▶ _What you are asked to do_
If a line in the entries below includes "Sofala", pick it out and copy it.

▶ _Supplied data_
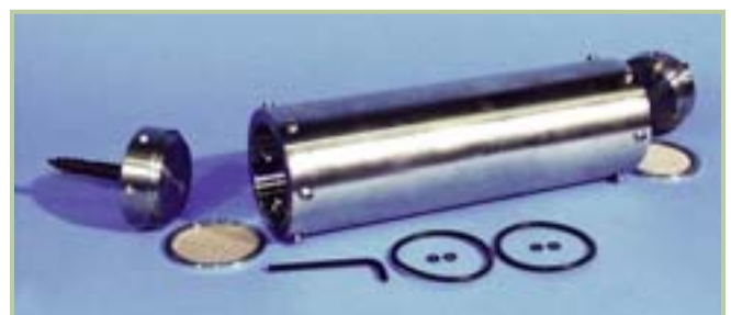
#171-19 Double-End Cell Assembly, 500 mL
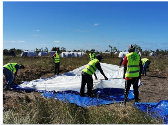
IOM providing and setting up family tents in resettlement sites. Sofala Province.

Furthermore, IOM supported the resettlement movement of 55 households from Piccoco accommodation site to Savane resettlement area in Dondo, Sofala Province.
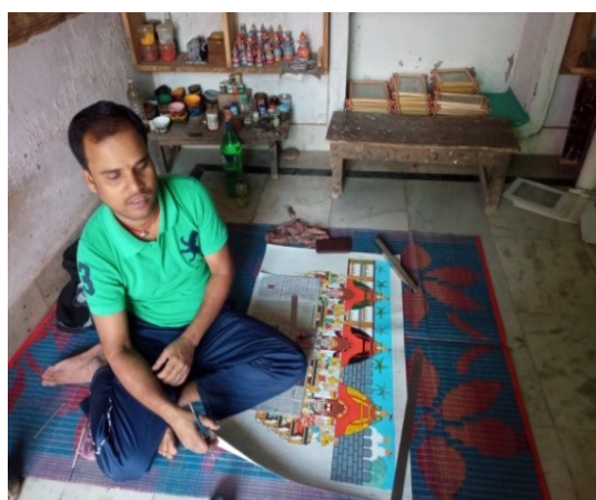
(Artisans work their workshop)

The experienced chitrakaras do not use the pencil to make the sketches, but the young painters first draw the sketches with the help of pencil. First stage is (Dhadimara) demarcation of the borders, with the help of scale, in past string is used to make lines in the border. The second stage is Tipana or sketching, which starts with head, then torso and legs are added, the next stage is Hingula or red background is most commonly used in pattachitra paintings.

▶ _Answer to this problem_
IOM providing and setting up family tents in resettlement sites. Sofala Province.
Furthermore, IOM supported the resettlement movement of 55 households from Piccoco accommodation site to Savane resettlement area in Dondo, Sofala Province.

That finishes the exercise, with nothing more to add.